In this context, the Board of 3W Power, the holding company of AEG Power Solutions and its new Chairman, Dr. Dirk Wolfertz, have announced the appointment of Jeffrey Casper, Chief Financial Officer of the Group, as Chief Restructuring Officer, in charge of leading a recovery program for the company.

To secure the business, AEG Power Solutions must adjust its structure to fit within its financial capabilities and is forced to close its business in Lannion (France) which was structurally losing money.

Lannion’s management announced this morning to the local works council its intention to file for bankruptcy protection for the entity.
The group cannot support the losses of Lannion nor finance the cash flow required to run the entity which would be €6 million for the first half of 2014.

Lannion’s cumulated losses (EBITDA) over 5 years have reached €27 million, out of which €11,1 million over the last 2 years. Up to now, these losses have been fully supported by the Group.
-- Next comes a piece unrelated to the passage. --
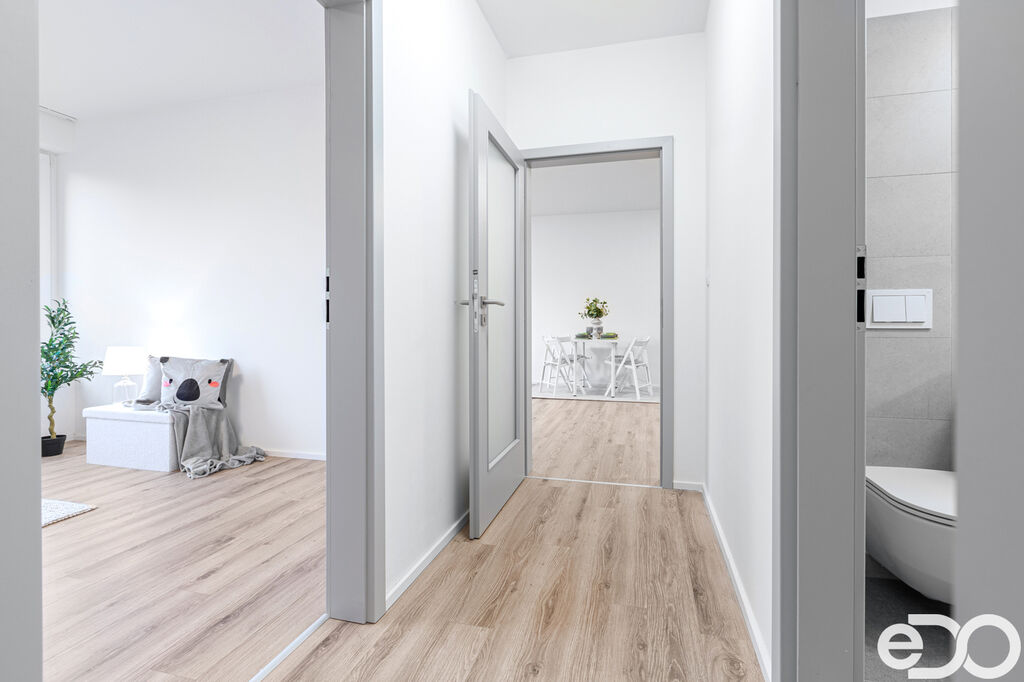 Byt se skládá z předsíně, obývacího pokoje s kuchyňským koutem, dvou samostatných ložnic (obě se vstupem na terasu), koupelny se sprchovým koutem a toaletou, další samostatnou toaletou s umyvadlem a rozměrné komory, která může sloužit jako šatna či jiný úložný prostor. Jednotka se nabízí nezařízená nábytkem. V nové kuchyni, která je vestavěná na míru, se nachází veškeré moderní spotřebiče značky Siemens: indukční varná deska s digestoří, elektrická trouba, mikrovlnná trouba, vestavěná myčka a vestavěná lednice s mrazákem. V koupelně je umístěna kombinovaná pračka se sušičkou značky Samsung. Plastová okna a terasové dveře zajišťují dobré tepelně-izolační vlastnosti. Vytápění je centrální, plynová kotelna se nachází přímo v domě. Celou nemovitost si můžete projít v pohodlí svého domova prostřednictvím virtuální prohlídky, která je součástí propagace.

Though it is clear that AEG Power Solutions cannot finance any initiatives proposed by the bankruptcy court, the Group will consider every possibility to redeploy employees from Lannion in other entities if competencies match future needs. AEG PS will allow any intellectual property rights linked to the Lannion business to contribute to selling of assets. AEG is a brand under license of Electrolux and cannot be used further by Lannion, so the entity will be run as of today under its former denomination of Harmer & Simmons.

The case will be filed on January 8 at Saint –Brieuc commercial court.